Батрак подошёл к лошади и принялся быстро распрягать ее.
– Пьяные дикари, – ворчал он, – в тюрьме таким место. И дня больше не хочу тут служить, порядочные люди хлеб убирают, а эти пьют да буянят. Нормальные хозяева с ярмарки домой деньги везут, с поденщиками на осень сговариваются, прислугу нанимают, а этим в поле послать некого. Убери лошадь прочь с его гнусных глаз, будто мне больше и делать нечего. Беги встречай его, барина великого, хвостом виляй, как перед помещиком, часами выслушивай его глупую болтовню да пьяное бахвальство! Нет, завтра же соберу все свои пожитки, и куражьтесь тут хоть до судного дня!

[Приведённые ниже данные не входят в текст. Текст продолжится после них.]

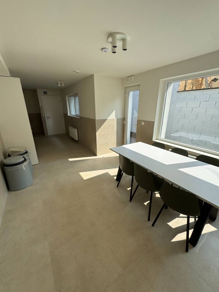 Daarnaast is er een gezellige, volledig uitgeruste gemeenschappelijke keuken met oven en kookplaat — ideaal om samen te koken en te genieten van het dagelijkse studentenleven.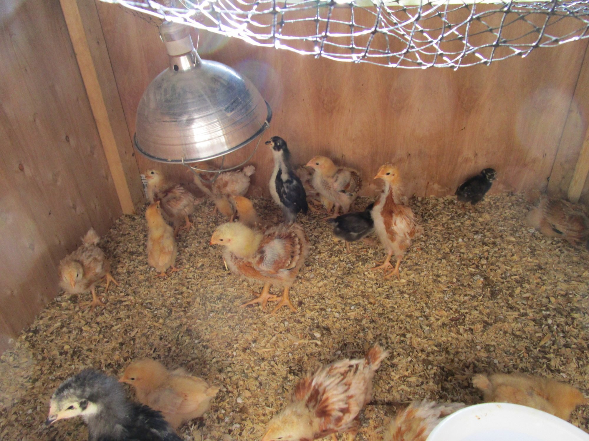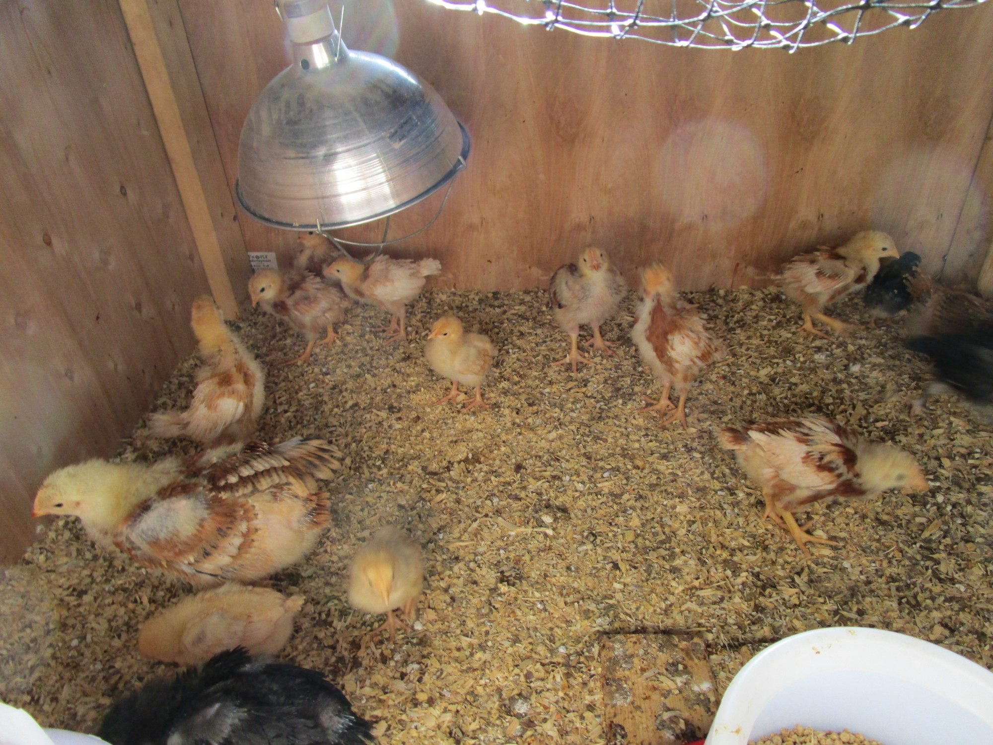 As can be seen in the preceding photographs, our chicks have quite a disparity in both age and size. In the second picture for example, the little Orpington is almost the exact same size as the head and neck of the sex-link to her immediate left.

Раздосадованный, он отвел лошадь в конюшню, отвязал быка, подвел к разбитой телеге и ушел.
Бык, ощутив неожиданную свободу, злобно вздернул голову и фыркнул. Сделал пару шагов и как бы залюбовался ссорящейся троицей. Взрыв землю копытом, он пригнул голову, как будто готовился ударить.

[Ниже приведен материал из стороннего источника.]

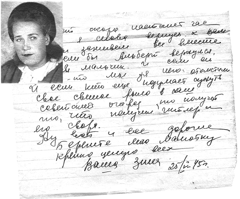С Казимиром связана странная история: последние письма датированы сентябрем 1941 года, но через несколько лет после окончания войны, кажется, года через два, в дом постучался человек и показал записку от Казимира с примерно таким текстом: «Лиза! Я жив, со мной (имя товарища, которого бабушка знала). Казимир». Мужчина показал записку и исчез. Предположений было много, но ни одно не подтвердилось.
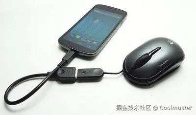 第一步:使用 USB OTG 数据线将 USB 鼠标连接到小米手机。将鼠标插入 OTG 数据线的 USB 端口。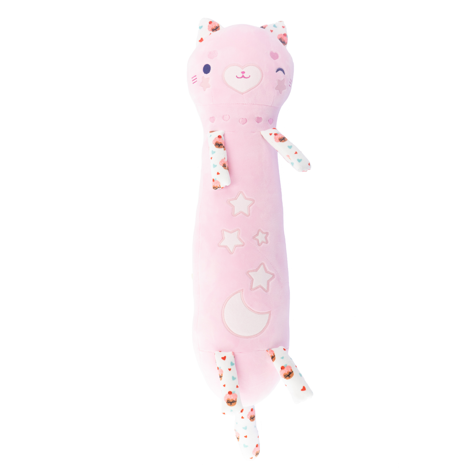 Momomi Cisai este o pisicuță de pluș adorabilă, în stil kawaii, cu o lungime de 60 cm, ideală pentru copii și nu numai. Este moale, colorată, netedă și incredibil de plăcută la atingere – perfectă pentru îmbrățișări, somn, relaxare sau ca obiect decorativ. Fiecare model vine cu un detaliu brodat (lună, stea sau inimă) care luminează în întuneric după expunere la lumină.

– Бык, бык! – в испуге закричала Лийз и в один прыжок очутилась за оградой.
Сын Яан, покосившись на быка, засобирался и позвал отца:
– Отец, пойдем в дом, пусть эта скотина погуляет по двору.
Но Яак с бутылкой в одной руке и кнутом в другой встал посреди двора, здоровенный, сильный, такой же разъяренный, как бык.
– Моя скотина должна меня слушать! – сказал он и шагнул навстречу быку.
– Отец, да послушай же, уйди в дом! – позвал с порога сын Яан. – Что за идея тягаться с быком, лучше отведем его в хлев, привяжем в стойле за кольцо в носу, тогда и наказывай его, сколько угодно. Уйди, отец!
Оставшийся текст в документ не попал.